Li, Qiang

The phenomenon of flow-induced vibration is found in many
engineering systems. The fluid flow generates forces on the
structure that cause motion of the structure. In turn, the
structural motion changes the angle of attack between the flow and
the structure, hence the forces on the structure. Furthermore,
turbulence generally exists in a natural fluid flow; namely, the fluid
velocity contains a random part. Thus, the problem is formulated as
a nonlinear system under random excitations.
This thesis is focused on one type of motion known as
galloping. A mathematical model for the motion of an elastically
supported square cylinder in turbulent flow is developed. The
physical nonlinear equation is converted to ideal stochastic
differential equations of the Ito type using the stochastic averaging
method. The probability density for the motion amplitude and the
values for the most probable amplitudes are obtained for various
mean flow velocities and turbulence levels.
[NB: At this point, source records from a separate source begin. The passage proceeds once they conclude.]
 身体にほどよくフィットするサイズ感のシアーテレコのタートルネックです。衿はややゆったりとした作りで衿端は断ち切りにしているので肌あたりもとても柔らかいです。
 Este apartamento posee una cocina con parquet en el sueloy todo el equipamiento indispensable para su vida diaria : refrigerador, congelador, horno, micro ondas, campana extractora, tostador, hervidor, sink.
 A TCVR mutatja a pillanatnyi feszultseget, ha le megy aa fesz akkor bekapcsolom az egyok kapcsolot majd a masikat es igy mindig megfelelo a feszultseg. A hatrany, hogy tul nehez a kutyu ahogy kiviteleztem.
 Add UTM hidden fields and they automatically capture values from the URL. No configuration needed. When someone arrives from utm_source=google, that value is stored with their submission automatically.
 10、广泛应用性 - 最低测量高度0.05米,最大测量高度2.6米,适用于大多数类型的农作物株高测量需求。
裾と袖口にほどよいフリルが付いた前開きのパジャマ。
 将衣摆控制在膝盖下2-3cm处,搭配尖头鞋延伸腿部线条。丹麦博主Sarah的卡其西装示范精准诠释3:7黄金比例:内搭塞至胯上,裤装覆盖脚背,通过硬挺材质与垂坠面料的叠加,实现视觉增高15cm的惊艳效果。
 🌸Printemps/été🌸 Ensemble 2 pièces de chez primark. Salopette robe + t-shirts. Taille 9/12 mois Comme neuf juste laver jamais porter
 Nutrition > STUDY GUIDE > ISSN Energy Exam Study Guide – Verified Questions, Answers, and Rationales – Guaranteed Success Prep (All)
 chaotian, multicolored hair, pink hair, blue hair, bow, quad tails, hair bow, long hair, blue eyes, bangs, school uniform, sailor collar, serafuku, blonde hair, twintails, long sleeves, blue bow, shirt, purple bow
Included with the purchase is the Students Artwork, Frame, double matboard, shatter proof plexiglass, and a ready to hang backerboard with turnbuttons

The motion stability of long-span bridges under turbulent wind is studied. A new stochastic theory, developed on the basis of a new wind turbulence model, is applied to experimentally measured bridge deck models to determine the stochastic stability boundaries. The new turbulence model has a finite mean-square value and a versatile spectral shape, and is capable of closely matching a target spectrum, such as the Dryden or the von Karman spectrum, by changing the parameters of the model. The bridge motion is represented as a linear system of single degree of freedom in torsion. A bridge is generally subject to two types of wind loads: the buffeting loads and the self-excited loads. Only the self-excited loads are considered in the investigation, since the buffeting loads, which appear as inhomogeneous terms in the differential equation of motion, do not affect the motion stability of a linear system. In the absence of turbulence, the onset of flutter instability occurs at a critical wind velocity at which a pair of complex-conjugate eigenvalues of the combined structural-fluid system becomes purely imaginary. The corresponding eigenvectors describe the interaction between the structure and the surrounding fluid. Upon the introduction of turbulence, the composition of the structural and fluid components is changed. Since the turbulence portion of the flow fluctuates randomly in time, a new state of balance between the energy inflow from fluid to structure, and the energy outflow from structure to fluid, can only be reached in the statistical sense, or equivalently, in the sense of long-time average under the ergodicity assumption. It is the random deviation from the deterministic flutter mode that renders either the stabilizing or destabilizing effect possible. The asymptotic sample stability boundary of the motion is obtained. The aerodynamic constants for the theoretical analysis are measured experimentally in a forced vibration test conducted in a water channel, with water substituting for air as the working fluid. For a particular bridge deck model, the computed stability boundary shows that the presence of turbulence in the wind flow can be either stabilizing or destabilizing depending on the peak frequency and band-width of the turbulence spectrum.